TASK DESCRIPTION: Give back each line of the data exactly as it reads, minus the pictures.

INPUT:

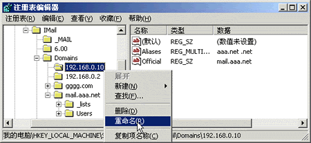 恢复时先将备份的“\imail”整个树将原来的目录覆盖,再进入注册表编辑器,选中“IMail”,然后用“导入注册表文件”将备份的文件导入即可。
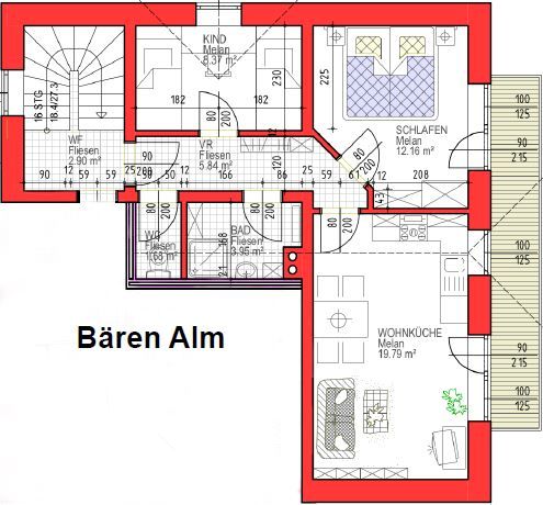 Im Dachgeschoss gleich neben der Sauna befindet sich die „Bären Alm“. Ein Schlafzimmer für die Eltern und ein Kinderschlafzimmer – Betten in L-Form. Wohlfühlen in der geräumigen Wohnküche und am großen Balkon.
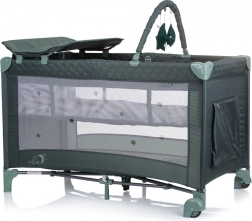 - Pătuț pliabil, al doilea nivel cu saltea moale, salteluță pentru înfășat, compartiment/organizator, arc suspendat cu jucării, geantă de transport
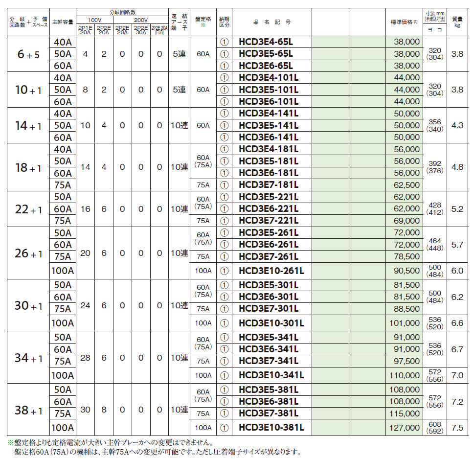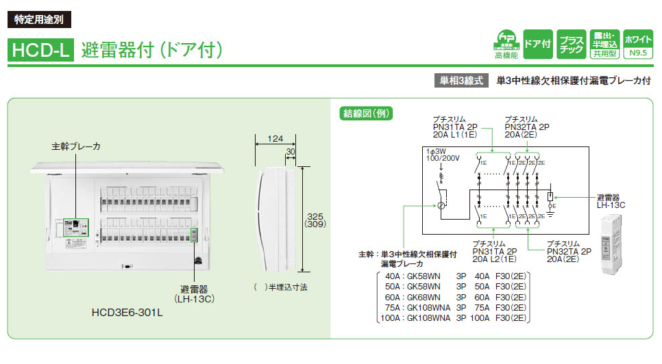 HCD3E4-65L HCD-L ホーム分電盤  避雷器付(ドア付) 6+5 40A
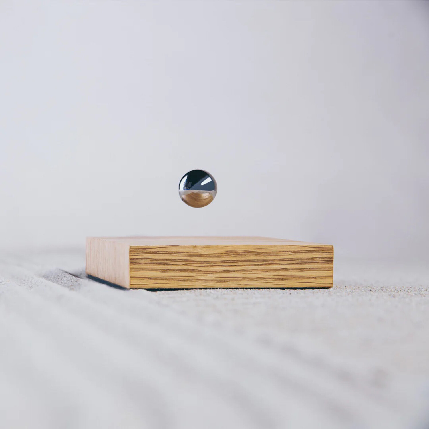 Buda Ball combines clean aesthetics with thoughtful functionality to make you feel inspired and grounded throughout the day. Using technology inspired by Nikola Tesla, the sphere can float above the base positioned vertically or horizontally.
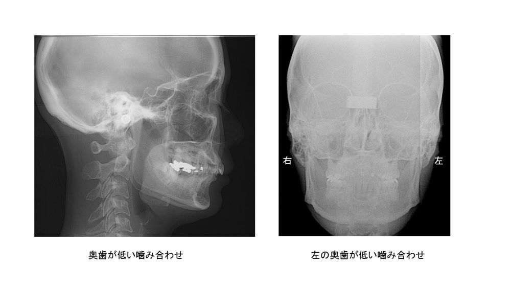 片方の奥歯だけ低くなると、顎が左右的に曲がります。こうなると単純ではない様々な体調不良が出てきます。(詳しくはこちら
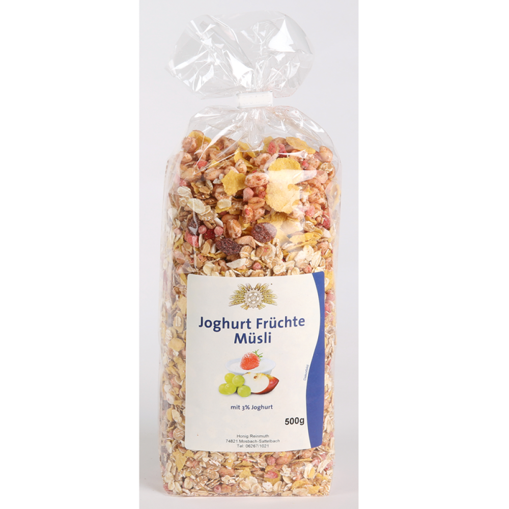 Müsli mit 19% Trockenfrüchten und 3% Joghurt-Trockenanteil.

FINISHED EXERCISE:
 恢复时先将备份的“\imail”整个树将原来的目录覆盖,再进入注册表编辑器,选中“IMail”,然后用“导入注册表文件”将备份的文件导入即可。
 Im Dachgeschoss gleich neben der Sauna befindet sich die „Bären Alm“. Ein Schlafzimmer für die Eltern und ein Kinderschlafzimmer – Betten in L-Form. Wohlfühlen in der geräumigen Wohnküche und am großen Balkon.
 - Pătuț pliabil, al doilea nivel cu saltea moale, salteluță pentru înfășat, compartiment/organizator, arc suspendat cu jucării, geantă de transport
 HCD3E4-65L HCD-L ホーム分電盤  避雷器付(ドア付) 6+5 40A
 Buda Ball combines clean aesthetics with thoughtful functionality to make you feel inspired and grounded throughout the day. Using technology inspired by Nikola Tesla, the sphere can float above the base positioned vertically or horizontally.
 片方の奥歯だけ低くなると、顎が左右的に曲がります。こうなると単純ではない様々な体調不良が出てきます。(詳しくはこちら
 Müsli mit 19% Trockenfrüchten und 3% Joghurt-Trockenanteil.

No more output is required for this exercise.